The foregoing description is only of embodiments of the present application, and is not intended to limit the scope of the patent application, and all equivalent structures or equivalent processes using the descriptions and the contents of the present application or other related technical fields are included in the scope of the patent application.

Claims (14)

1. An electronic device, comprising:

a glass cover plate comprising a display area and a non-display area;

the shell is positioned at one side of the glass cover plate;

the sensor assembly is fixed on the surface of the shell, which is close to one side of the glass cover plate, the light receiving surface of the sensor assembly comprises a light receiving area and a non-light receiving area, the light receiving area is in a long strip shape, and ambient light enters the light receiving area of the sensor assembly through the non-display area of the glass cover plate;

the non-display area comprises a body part and an extension part, the body part and the display area are on the same plane, the extension part is formed by extending the body part towards the direction of the shell, the connection position of the extension part and the body part is in right angle or arc transition, and the extension part is connected with the shell.

2. The electronic device of claim 1, wherein the width of the photosensitive area is 0.3mm or less.

3. The electronic device of claim 1, wherein the display area and the non-display area are on the same plane.

4. The electronic device of claim 1, wherein the sensor assembly is a cuboid.
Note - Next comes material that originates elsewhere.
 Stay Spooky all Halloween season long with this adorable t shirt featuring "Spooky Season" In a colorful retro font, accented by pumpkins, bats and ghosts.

5. The electronic device of claim 1, wherein the light-receiving surface of the sensor assembly has a width in a range of 0.5-0.15 mm.
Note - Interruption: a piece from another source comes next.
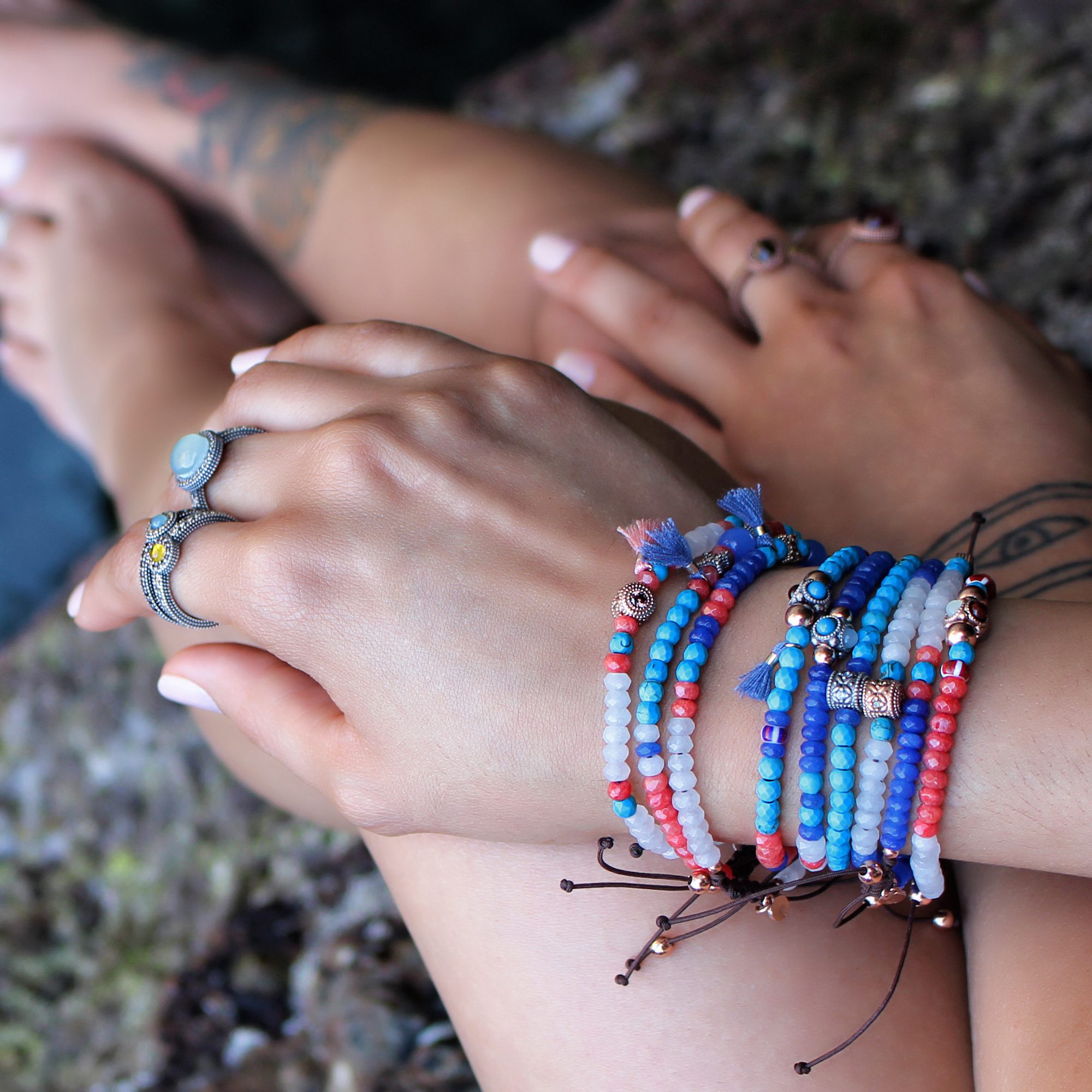 Bracelet made of sterling silver, quartz, turquoise, garnets, zircons, glass beads and nylon.

6. The electronic device of claim 1, wherein the photosensitive area comprises two portions that intersect each other.

7. The electronic device of claim 6, wherein the two portions of the photosensitive area are disposed at right angles to each other.

8. The electronic device according to claim 1, wherein the light receiving surface of the sensor assembly is disposed parallel to a surface of the case on a side close to the glass cover plate, or is disposed obliquely to a side where the extension portion is provided.

9. The electronic device according to claim 8, wherein the housing is provided with a chute, or a support portion is provided on the housing, and the sensor assembly is fixed in the chute or on the support portion such that a light receiving surface of the sensor assembly is inclined toward a side provided with the extension portion.

10. The electronic device of claim 8, wherein the extension tapers in thickness from one end near the glass cover plate to the other end near the housing to form a prism-like structure.

11. The electronic device of claim 1, further comprising a bezel sandwiched between the non-display area of the glass cover plate and the housing, wherein the sensor assembly is located on a side of the bezel near a center of the glass cover plate, a predetermined distance is provided between the sensor assembly and the bezel, and the bezel is made of a light-transmitting material.

12. The electronic device of any one of claims 1-11, wherein the non-display area is provided with an anti-reflection film on an outer or inner surface portion thereof.

13. An electronic device, comprising:

a glass cover plate comprising a display area and a non-display area;

the shell is positioned at one side of the glass cover plate, and a gap is at least partially arranged between the shell and the non-display area of the glass cover plate;

the decorative ring is clamped between the non-display area of the glass cover plate and the shell, and is made of a light-transmitting material;

the sensor assembly is fixed on the surface of the shell, which is close to one side of the glass cover plate, and the light receiving surface of the sensor assembly comprises a light receiving area and a non-light receiving area, the light receiving area is in a long strip shape, and ambient light enters the light receiving area of the sensor assembly through the gap, or ambient light enters the light receiving area of the sensor assembly through the gap and the non-display area.

14. The electronic device of claim 13, wherein the gap is disposed between the non-display area and the bezel.